Ally’s eyes flick between Rosie and me, clearly hoping for some clarification. I’m not sure what to do. This is the first time we’ve come up against this. Do I introduce myself?
Rosie’s hand slips into mine, and she leans into me. “Sam’s my partner,” she says. Not boyfriend, partner. I’ve never been introduced like this before, and it feels bigger somehow. Probably because everything with her feels bigger.
“Is this why you haven’t joined us for breakfast in a few weeks?” Ally’s eyebrow quirks mischievously while she continues to study us.
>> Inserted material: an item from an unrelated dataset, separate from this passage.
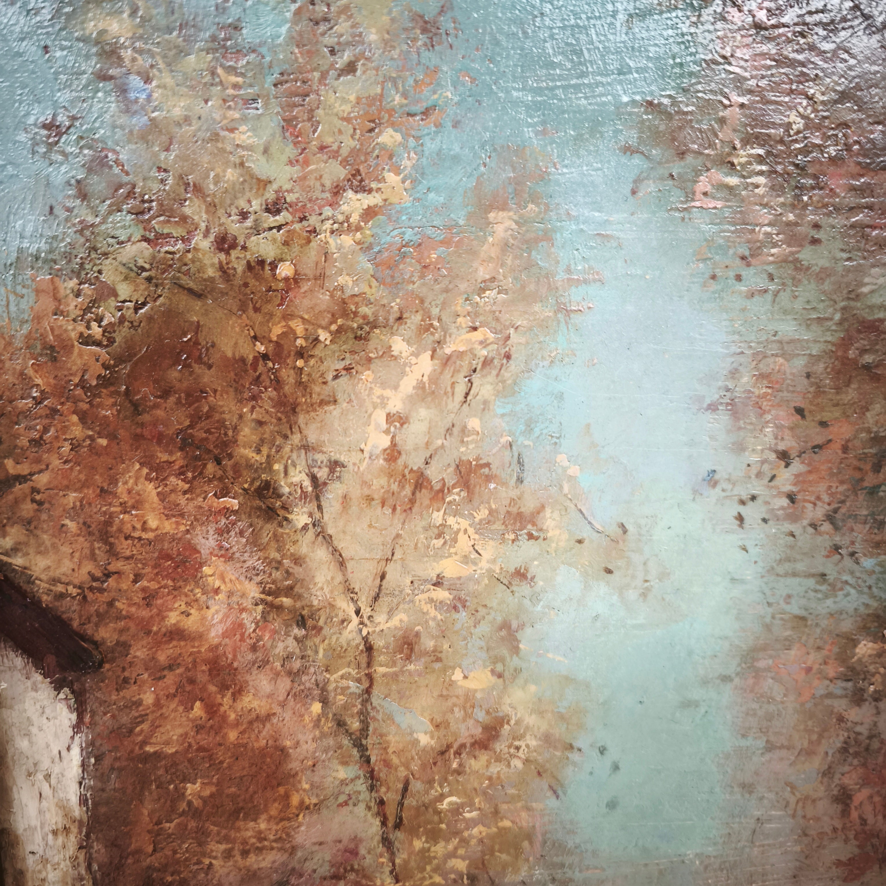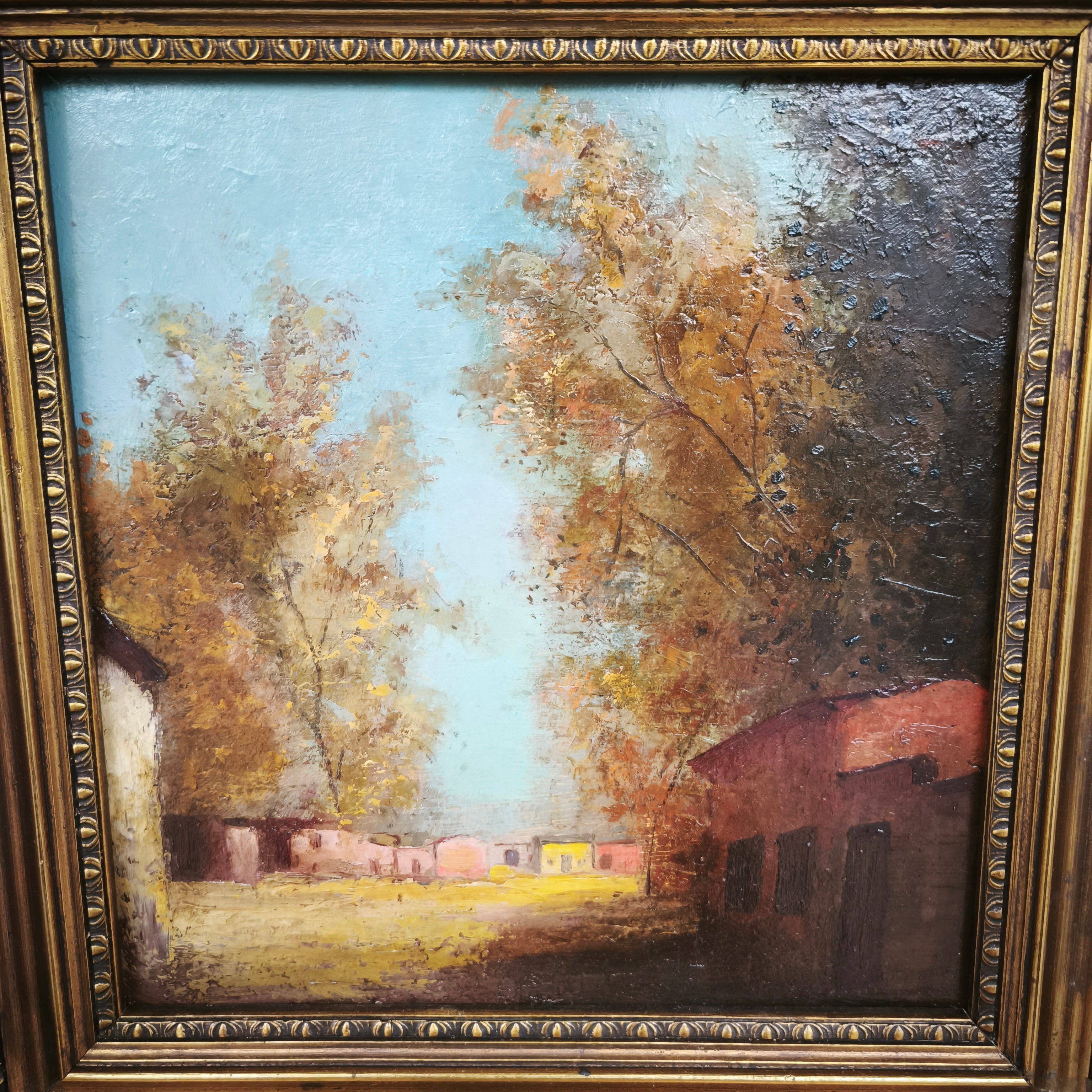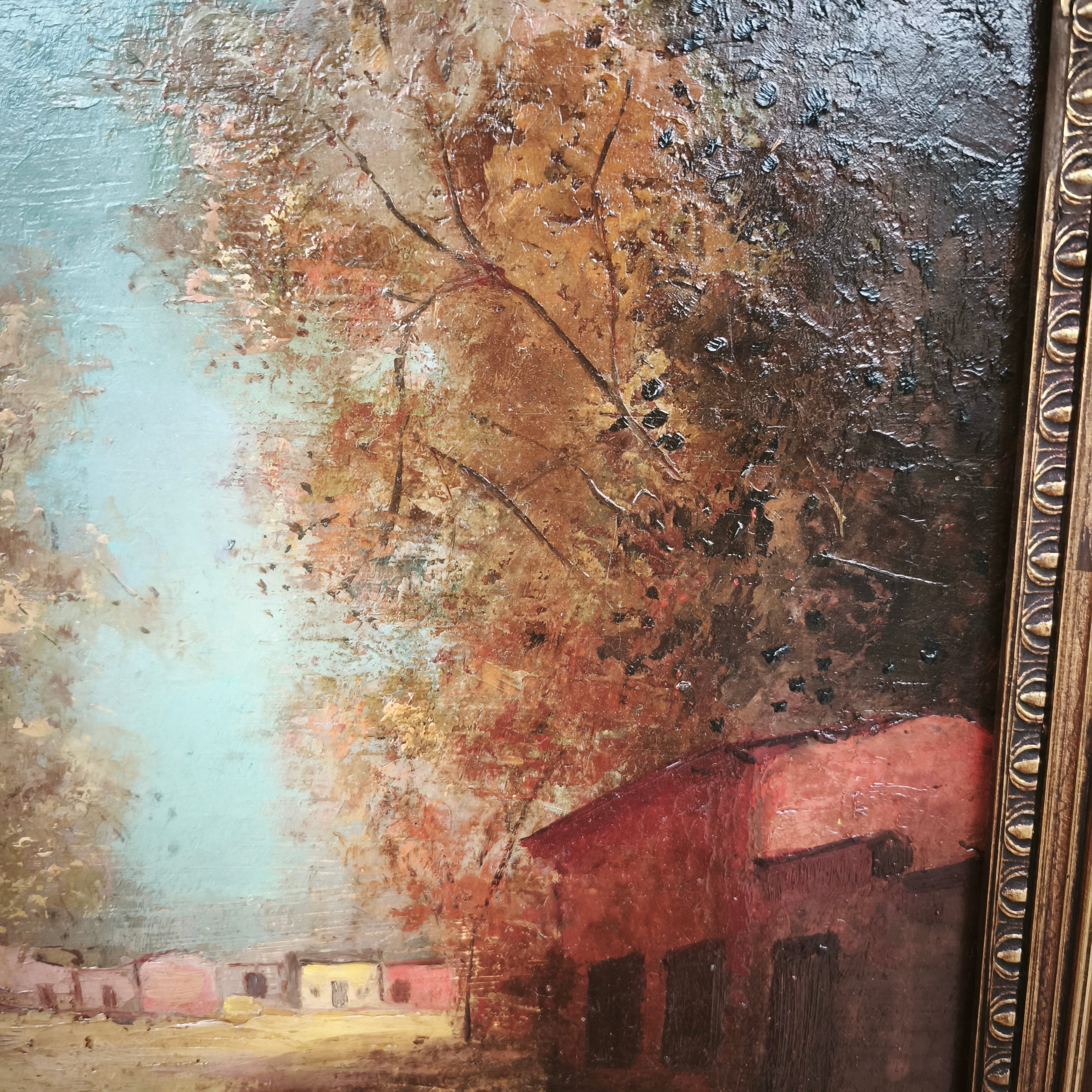 Óleo sobre madera, de un artista anónimo, representando un paisaje rural, posiblemente de una calle o la plaza de un pueblo, en el que se ven algunas casas de adobe junto a grandes árboles que le dan sombra a algunas casas, haciendo que la composición tenga un bello juego de luces y sombras. La obra está enmarcada en madera tallada con relieves y pintada de elegante dorado.

“Well, yes. We’ve been working to get the house ready. Finally moved in last weekend, so I guess it’s time we planned that playdate.”
They continue to talk, figuring out which day would be best, perhaps sometime after school, while I stand there still feeling the impact of being called her partner. The warmth of the title spreads through my chest as they talk and continues when we say goodbye and head back the way we came.
Right as we are reaching the house, Rosie drops my hand and takes off at a run.
I, on the other hand, stop dead because my brain can’t seem to comprehend why she’s running away from me.
And then it clicks, except we aren’t exactly in the middle of nowhere, and I’m not sure how it’s going to look with me chasing after her.
It’s not like I’m well known in this neighbourhood.
I speed up my walk, but I don’t run until I hear the front door shut.
I’m met by silence when I walk into the house but then my eyes snag on something on the ground: that purple sweater.